WHAT IS NEEDED
Transcribe every entry that follows, word for word, and omit the images.

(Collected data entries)
───
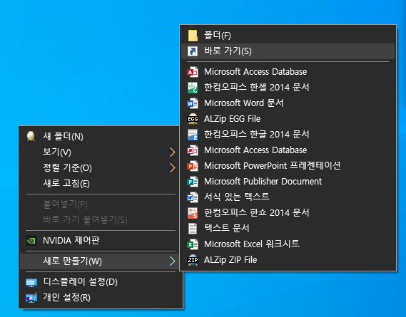 먼저 위의 사진과 같이, 바탕화면에서 우측 마우스 클릭 후 "새로만들기(W)" > "바로가기" 클릭
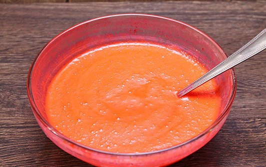 - Klop de bieten in een blender en voeg er kristalsuiker en kippeneieren aan toe. Klop grondig en tot een gladde massa.
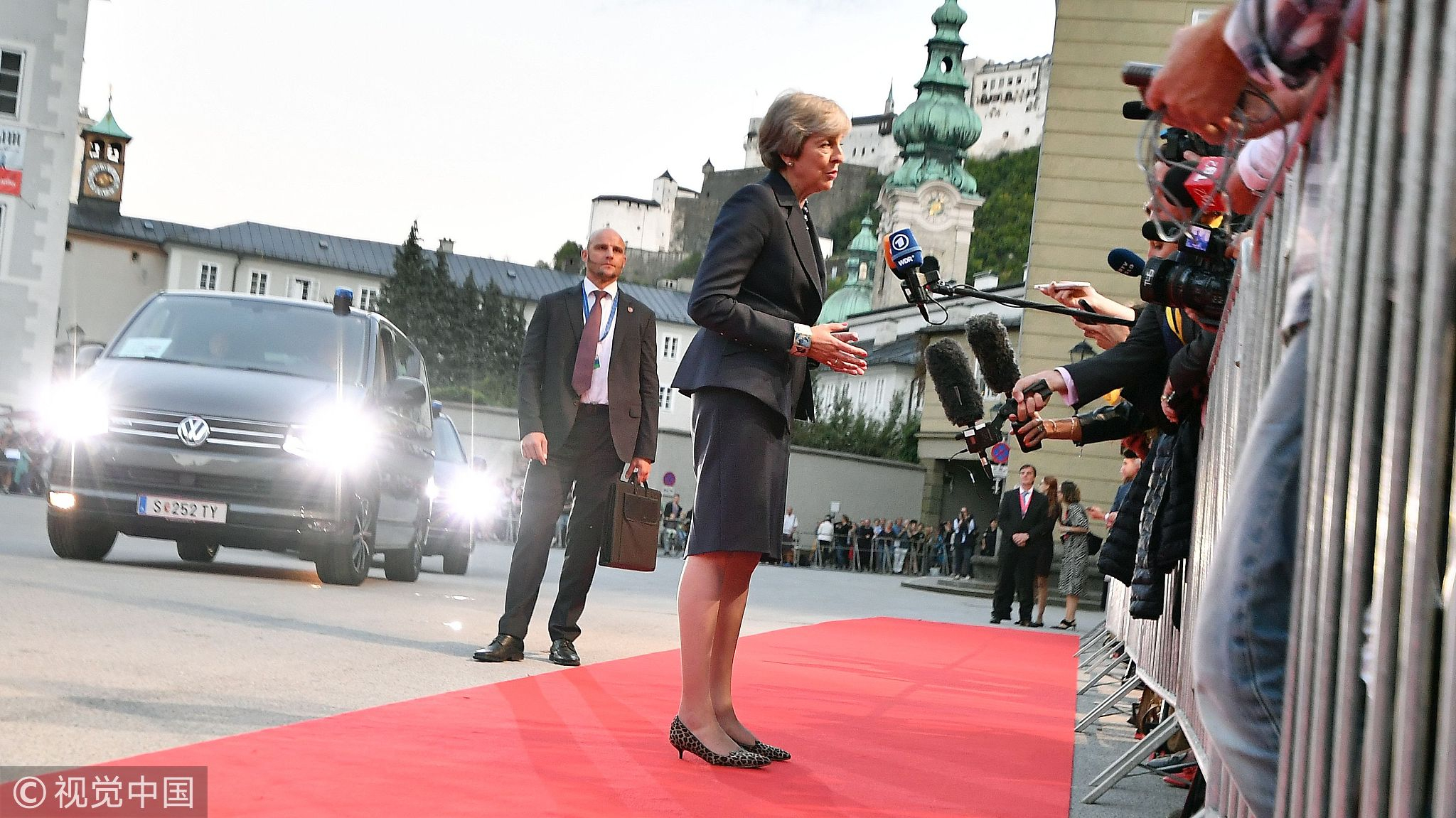 UK prime minister Theresa May meets the media before her informal dinner with EU leaders, Salzburg, Austria, September 19, 2018. /VCG Photo
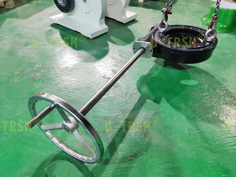 客戶的轉(zhuǎn)臺(tái)尺寸較大,離地高度比較低,如果手輪位置靠近回轉(zhuǎn)驅(qū)動(dòng),操作起來非常不方便也很不安全,所以我們?cè)O(shè)計(jì)了一根轉(zhuǎn)接軸,把手輪安裝在轉(zhuǎn)臺(tái)外面,這樣既方便操作又安全。
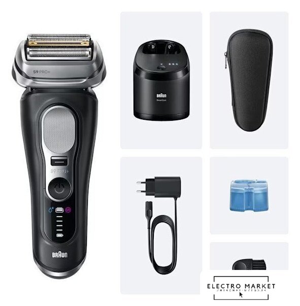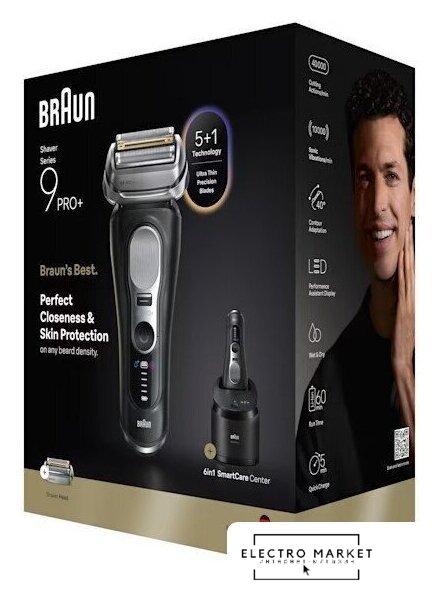 | Комплект поставки | Бритва Series 9 Pro+Твердый тканевый дорожный футлярЦентр SmartCare 6 в 1Чистящий картридж (1 шт.)SmartPlugЩетка для чистки |
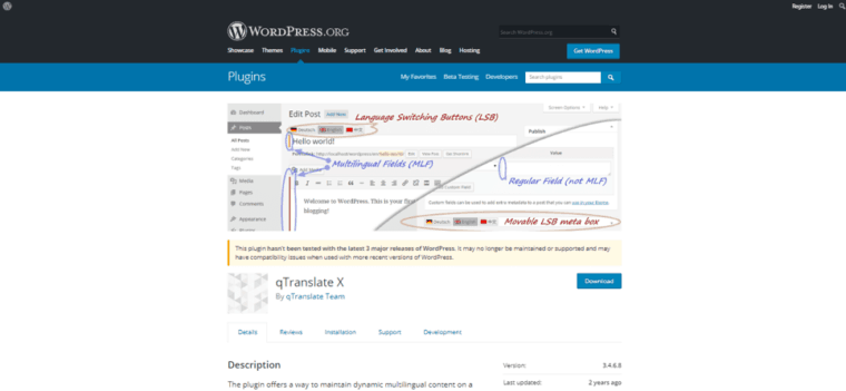 qTranslate X is a powerful plugin that is free of cost. It is a multilingual plugin. The functionality is the same as the previous two plugins defined. It helps you to create multilingual content easily.
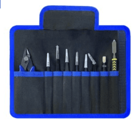 Название товара: Набор инструментов для пайки и ремонта Описание: Этот комплект идеально подойдет для профессионалов и любителей, занимающихся пайкой и ремонтом электроники. В набор входит качественный тканевый чехол, который обеспечивает надежную защиту и удобство хранения. Характеристики товара: Вид заводской упаковки: Упаковано в заводской упаковке Тип упаковки: Чехол тканевый Количество предметов в наборе: 9 штук Материал: Нержавеющая сталь Назначение: Для пайки Особенности: Диамагнетизм, антистатические свойства Состав набора: Бокорезы длиной 135 мм – 1 шт. Лопатка длиной 150 мм – 1 шт. Пинцеты ESD11, ESD12, ESD13, ESD14, ESD15, ESD16, ESD17, ESD34A-SA Тип продукции: Товары для ремонта или строительства Вид товара: Инструменты для ремонта и строительства Вид инструментов: Ручной инструмент Виды инструментов: Наборы строительных инструментов
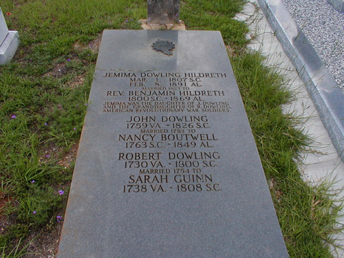 Jemima Anna Dowling was born on 1 March 1807 in Darlington District, South Carolina.1 She was the daughter of John W. Dowling and Nancy Boutwell.2 Jemima Anna Dowling married Reverend Benjamin J. Hildreth, son of Benjamin Hildreth and Mary Latham, in 1823 at Darlington District, South Carolina.3,2,1 As of 1823,her married name was Hildreth.3 Jemima Anna Dowling and Reverend Benjamin J. Hildreth lived in 1850.1 Jemima Anna Dowling died on 8 February 1891 in City Cemetery, Enterprise, Coffee County, Alabama, at age 83.3 She was buried at Carmichael Chapel (City Cemetery?), Coffee County, Alabama.
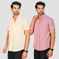 Cream And Pink Half Sleeve Linen Shirt Combo
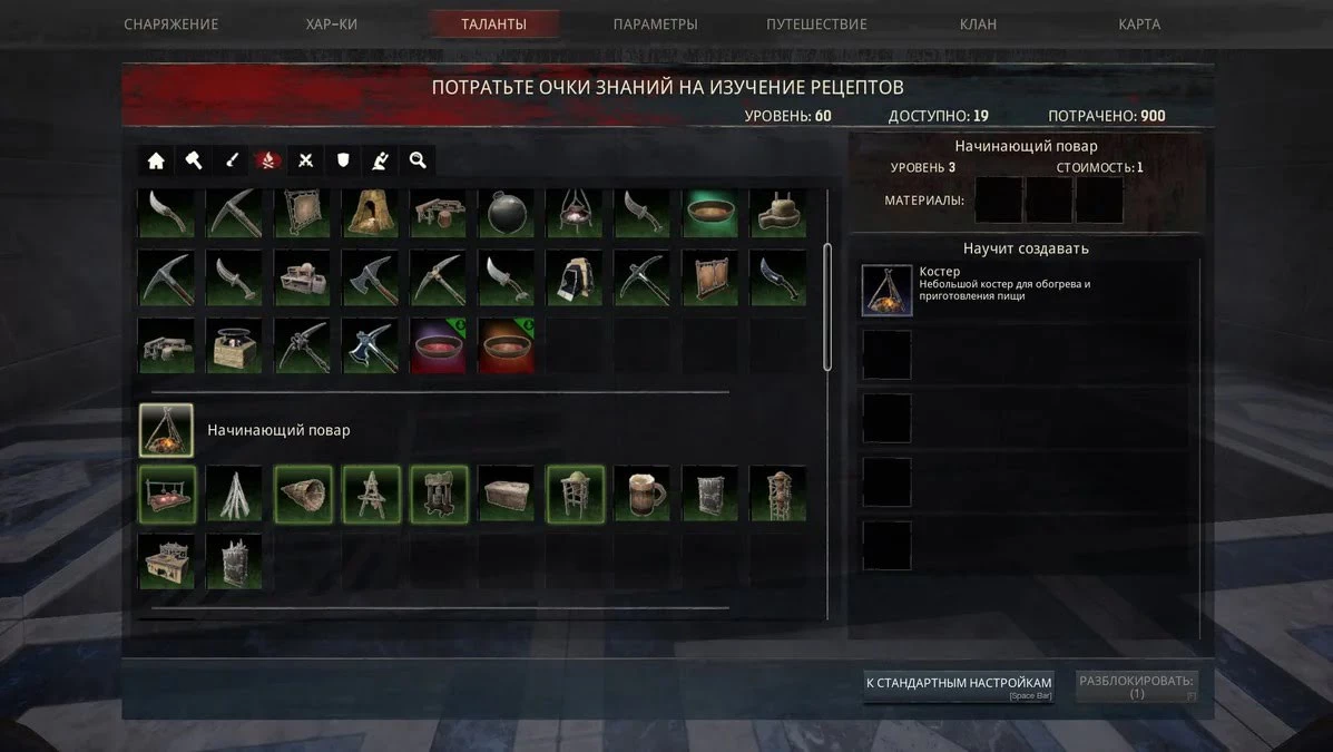 Но со временем простейших блюд из зажаренного мяса и рыбы, будет недостаточно, для выросших потребностей вашего героя. Ведь простой кусок, даже хорошего Экзотического Мяса, лечит всего ничего. И тут на выручку приходит талант 29-го уровня Печка. Вместе с ней вы получите немного более сложных рецептов приготовления пищи. Новые рецепты, теперь будут не только давать сытость и восстанавливать здоровье, но и иметь эффекты согревания или охлаждения.
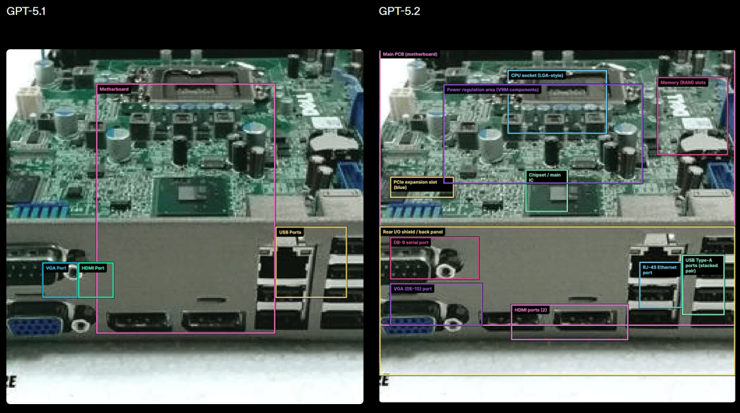 即使在低质量图像上,GPT‑5.2也能识别主要区域并放置与每个组件的真实位置大致匹配的框,而GPT‑5.1仅标记了几个部分,并且对其空间排列的理解要弱得多。
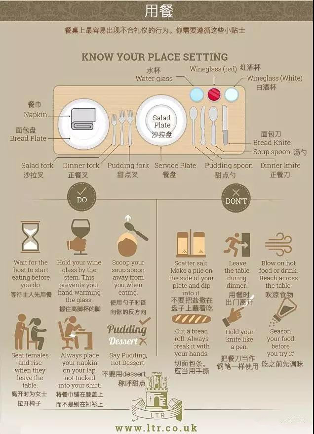 OK,學會跟老外一樣優雅的用餐了嗎?尤其是愛吃西餐的小伙伴們,更要學一學哦!
───
YOUR RESPONSE
 먼저 위의 사진과 같이, 바탕화면에서 우측 마우스 클릭 후 "새로만들기(W)" > "바로가기" 클릭
 - Klop de bieten in een blender en voeg er kristalsuiker en kippeneieren aan toe. Klop grondig en tot een gladde massa.
 UK prime minister Theresa May meets the media before her informal dinner with EU leaders, Salzburg, Austria, September 19, 2018. /VCG Photo
 客戶的轉(zhuǎn)臺(tái)尺寸較大,離地高度比較低,如果手輪位置靠近回轉(zhuǎn)驅(qū)動(dòng),操作起來非常不方便也很不安全,所以我們?cè)O(shè)計(jì)了一根轉(zhuǎn)接軸,把手輪安裝在轉(zhuǎn)臺(tái)外面,這樣既方便操作又安全。
 | Комплект поставки | Бритва Series 9 Pro+Твердый тканевый дорожный футлярЦентр SmartCare 6 в 1Чистящий картридж (1 шт.)SmartPlugЩетка для чистки |
 qTranslate X is a powerful plugin that is free of cost. It is a multilingual plugin. The functionality is the same as the previous two plugins defined. It helps you to create multilingual content easily.
 Название товара: Набор инструментов для пайки и ремонта Описание: Этот комплект идеально подойдет для профессионалов и любителей, занимающихся пайкой и ремонтом электроники. В набор входит качественный тканевый чехол, который обеспечивает надежную защиту и удобство хранения. Характеристики товара: Вид заводской упаковки: Упаковано в заводской упаковке Тип упаковки: Чехол тканевый Количество предметов в наборе: 9 штук Материал: Нержавеющая сталь Назначение: Для пайки Особенности: Диамагнетизм, антистатические свойства Состав набора: Бокорезы длиной 135 мм – 1 шт. Лопатка длиной 150 мм – 1 шт. Пинцеты ESD11, ESD12, ESD13, ESD14, ESD15, ESD16, ESD17, ESD34A-SA Тип продукции: Товары для ремонта или строительства Вид товара: Инструменты для ремонта и строительства Вид инструментов: Ручной инструмент Виды инструментов: Наборы строительных инструментов
 Jemima Anna Dowling was born on 1 March 1807 in Darlington District, South Carolina.1 She was the daughter of John W. Dowling and Nancy Boutwell.2 Jemima Anna Dowling married Reverend Benjamin J. Hildreth, son of Benjamin Hildreth and Mary Latham, in 1823 at Darlington District, South Carolina.3,2,1 As of 1823,her married name was Hildreth.3 Jemima Anna Dowling and Reverend Benjamin J. Hildreth lived in 1850.1 Jemima Anna Dowling died on 8 February 1891 in City Cemetery, Enterprise, Coffee County, Alabama, at age 83.3 She was buried at Carmichael Chapel (City Cemetery?), Coffee County, Alabama.
 Cream And Pink Half Sleeve Linen Shirt Combo
 Но со временем простейших блюд из зажаренного мяса и рыбы, будет недостаточно, для выросших потребностей вашего героя. Ведь простой кусок, даже хорошего Экзотического Мяса, лечит всего ничего. И тут на выручку приходит талант 29-го уровня Печка. Вместе с ней вы получите немного более сложных рецептов приготовления пищи. Новые рецепты, теперь будут не только давать сытость и восстанавливать здоровье, но и иметь эффекты согревания или охлаждения.
 即使在低质量图像上,GPT‑5.2也能识别主要区域并放置与每个组件的真实位置大致匹配的框,而GPT‑5.1仅标记了几个部分,并且对其空间排列的理解要弱得多。
 OK,學會跟老外一樣優雅的用餐了嗎?尤其是愛吃西餐的小伙伴們,更要學一學哦!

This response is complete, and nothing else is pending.